§ **Source information**:
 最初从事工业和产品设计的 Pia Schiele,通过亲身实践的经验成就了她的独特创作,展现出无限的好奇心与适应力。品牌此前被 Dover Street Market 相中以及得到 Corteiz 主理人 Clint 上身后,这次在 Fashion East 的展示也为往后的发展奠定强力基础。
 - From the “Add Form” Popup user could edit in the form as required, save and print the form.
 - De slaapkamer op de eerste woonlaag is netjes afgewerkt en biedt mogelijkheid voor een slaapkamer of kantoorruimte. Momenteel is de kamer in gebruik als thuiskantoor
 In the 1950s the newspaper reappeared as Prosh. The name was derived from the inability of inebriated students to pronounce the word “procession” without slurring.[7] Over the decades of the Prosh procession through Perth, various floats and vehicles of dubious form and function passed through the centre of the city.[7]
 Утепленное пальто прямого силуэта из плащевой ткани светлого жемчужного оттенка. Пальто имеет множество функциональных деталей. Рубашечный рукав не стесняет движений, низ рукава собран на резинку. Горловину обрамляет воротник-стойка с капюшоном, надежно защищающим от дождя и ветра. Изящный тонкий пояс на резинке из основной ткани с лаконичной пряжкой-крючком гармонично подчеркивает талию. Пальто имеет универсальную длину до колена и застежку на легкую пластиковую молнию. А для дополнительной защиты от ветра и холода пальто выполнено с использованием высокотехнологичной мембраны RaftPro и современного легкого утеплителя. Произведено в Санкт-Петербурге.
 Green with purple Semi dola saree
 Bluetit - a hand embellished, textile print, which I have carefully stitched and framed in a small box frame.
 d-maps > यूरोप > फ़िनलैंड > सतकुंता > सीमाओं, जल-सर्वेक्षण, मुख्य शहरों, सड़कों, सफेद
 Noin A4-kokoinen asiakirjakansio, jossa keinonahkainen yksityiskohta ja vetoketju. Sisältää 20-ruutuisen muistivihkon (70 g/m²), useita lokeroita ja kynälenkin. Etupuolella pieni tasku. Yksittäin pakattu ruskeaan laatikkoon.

§ **Work to complete**: Your task is to set down only the lines that run from the opening of the listing to the line with "Green with purple Semi dola saree", both ends included, each unchanged.

§ **Solution to this task**:
 最初从事工业和产品设计的 Pia Schiele,通过亲身实践的经验成就了她的独特创作,展现出无限的好奇心与适应力。品牌此前被 Dover Street Market 相中以及得到 Corteiz 主理人 Clint 上身后,这次在 Fashion East 的展示也为往后的发展奠定强力基础。
 - From the “Add Form” Popup user could edit in the form as required, save and print the form.
 - De slaapkamer op de eerste woonlaag is netjes afgewerkt en biedt mogelijkheid voor een slaapkamer of kantoorruimte. Momenteel is de kamer in gebruik als thuiskantoor
 In the 1950s the newspaper reappeared as Prosh. The name was derived from the inability of inebriated students to pronounce the word “procession” without slurring.[7] Over the decades of the Prosh procession through Perth, various floats and vehicles of dubious form and function passed through the centre of the city.[7]
 Утепленное пальто прямого силуэта из плащевой ткани светлого жемчужного оттенка. Пальто имеет множество функциональных деталей. Рубашечный рукав не стесняет движений, низ рукава собран на резинку. Горловину обрамляет воротник-стойка с капюшоном, надежно защищающим от дождя и ветра. Изящный тонкий пояс на резинке из основной ткани с лаконичной пряжкой-крючком гармонично подчеркивает талию. Пальто имеет универсальную длину до колена и застежку на легкую пластиковую молнию. А для дополнительной защиты от ветра и холода пальто выполнено с использованием высокотехнологичной мембраны RaftPro и современного легкого утеплителя. Произведено в Санкт-Петербурге.
 Green with purple Semi dola saree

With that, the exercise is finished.